The maintainer's existing defense at src/purify.ts:696-700 explicitly clones DEFAULT_ALLOWED_TAGS before mutating it via cfg.ADD_TAGS (array form), demonstrating awareness of this exact class. The hook path remained uncovered.
Affected
- DOMPurify ≤ 3.4.5, including
mainat7996f1dc78eb8b7922388aed75d94a9f8fad9a36 - Any application that installs a hook on
uponSanitizeElementoruponSanitizeAttributethat writes todata.allowedTags[...] = trueordata.allowedAttributes[...] = trueand later sanitizes attacker-influenced content with default config (no explicitcfg.ALLOWED_TAGS/cfg.ALLOWED_ATTRarray)
Vulnerability details
[A] — data.allowedTags is a reference to ALLOWED_TAGS
src/purify.ts:1206-1209:
_executeHooks(hooks.uponSanitizeElement, currentNode, {
tagName,
allowedTags: ALLOWED_TAGS, // [A] direct reference; hook mutation
// mutates the very ALLOWED_TAGS the
// library checks on the next element
});
src/purify.ts:1494-1500 (the matching attribute hook):
const hookEvent = {
attrName: '',
attrValue: '',
keepAttr: true,
allowedAttributes: ALLOWED_ATTR, // [A'] same pattern
forceKeepAttr: undefined,
};
[B] — ALLOWED_TAGS = DEFAULT_ALLOWED_TAGS for default-cfg sanitize calls
src/purify.ts:527-531:
ALLOWED_TAGS =
objectHasOwnProperty(cfg, 'ALLOWED_TAGS') &&
arrayIsArray(cfg.ALLOWED_TAGS)
? addToSet({}, cfg.ALLOWED_TAGS, transformCaseFunc)

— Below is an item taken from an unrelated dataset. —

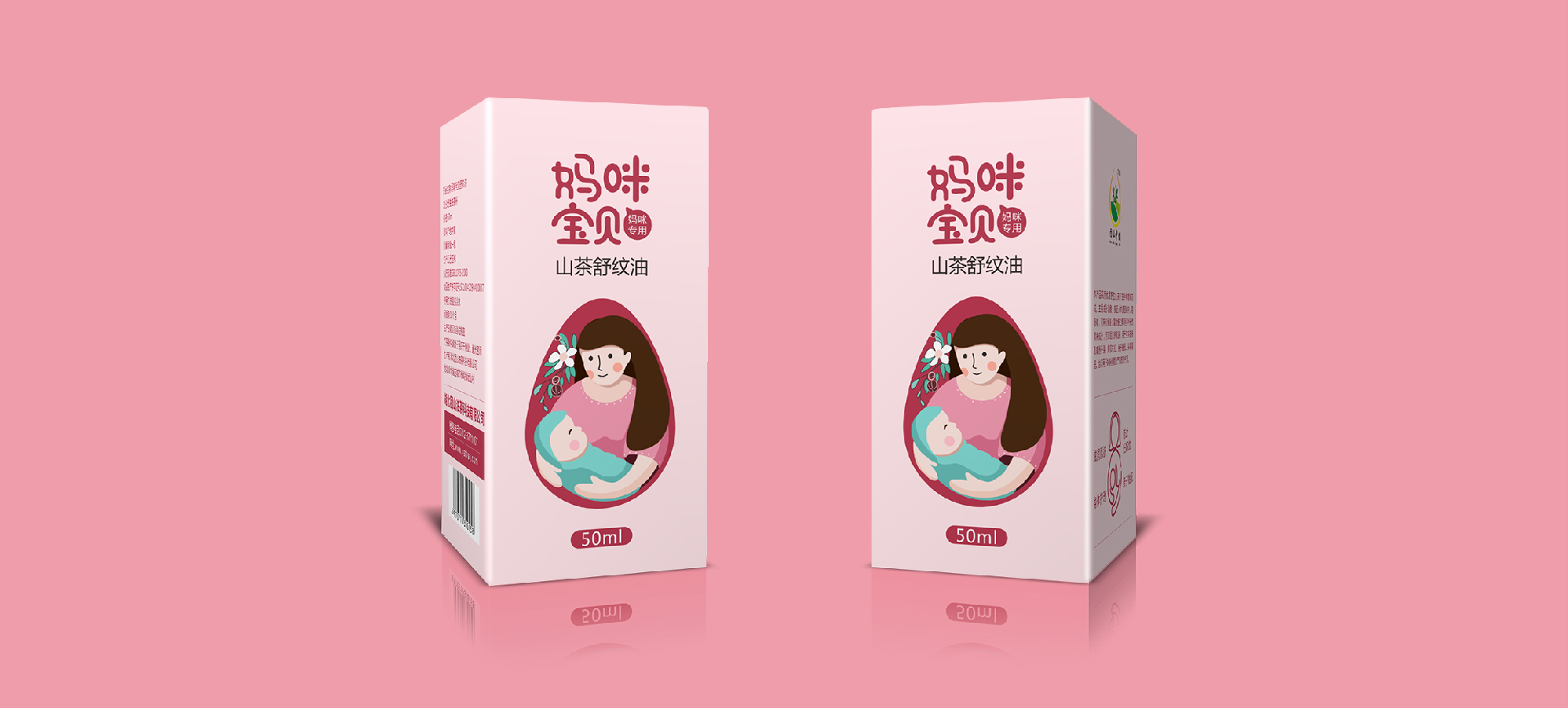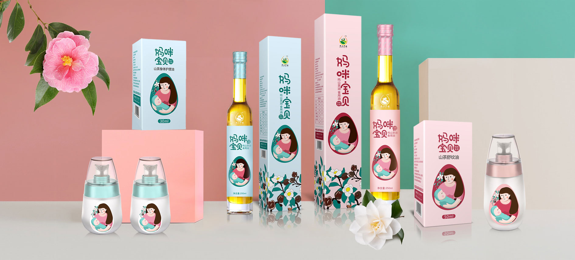 在針對于山茶油市場進行調研后,將目標消費人群聚焦在孕媽和準孕媽中,通過分析消費者痛點和感情消費點,對產品包裝進行升級,媽咪寶貝是一個健康安全山茶油的品牌,經(jīng)過產品整合,將系列產品包裝設計規(guī)劃統(tǒng)一,加深消費者對媽咪寶貝的品牌認知度,使得品牌本身定位更加精準。

: DEFAULT_ALLOWED_TAGS; // [B] reference assignment; ALLOWED_TAGS
// IS the DEFAULT_ALLOWED_TAGS object
(The ALLOWED_ATTR = DEFAULT_ALLOWED_ATTR path at :532-536 is symmetric.)
The mismatch
A hook author who writes data.allowedTags['script'] = true reasonably expects per-call scope — the API name is "data", suggesting per-event payload. But [A] makes this a direct reference, and [B] makes that reference equal to the module-level default for the common default-cfg path. The hook's mutation therefore writes to a constant that every subsequent default-cfg sanitize call rebinds to.
The maintainer already recognized this class for the ADD_TAGS array path — src/purify.ts:696-700:
} else if (arrayIsArray(cfg.ADD_TAGS)) {
if (ALLOWED_TAGS === DEFAULT_ALLOWED_TAGS) {
ALLOWED_TAGS = clone(ALLOWED_TAGS); // explicitly clone DEFAULT before
// mutating to avoid this pollution
}
addToSet(ALLOWED_TAGS, cfg.ADD_TAGS, transformCaseFunc);
}
The same defensive clone is missing from the hook code paths.
Proof of concept
// 1) fresh DOMPurify, default config — script is blocked
DOMPurify.sanitize('<svg><script>alert(1)</script></svg>');
// → "<svg></svg>"
// 2) install a hook that mutates data.allowedTags (natural-looking pattern)
DOMPurify.addHook('uponSanitizeElement', (node, data) => {
data.allowedTags['script'] = true;
});
// 3) one sanitize call WITH the hook — script survives (expected during the hook)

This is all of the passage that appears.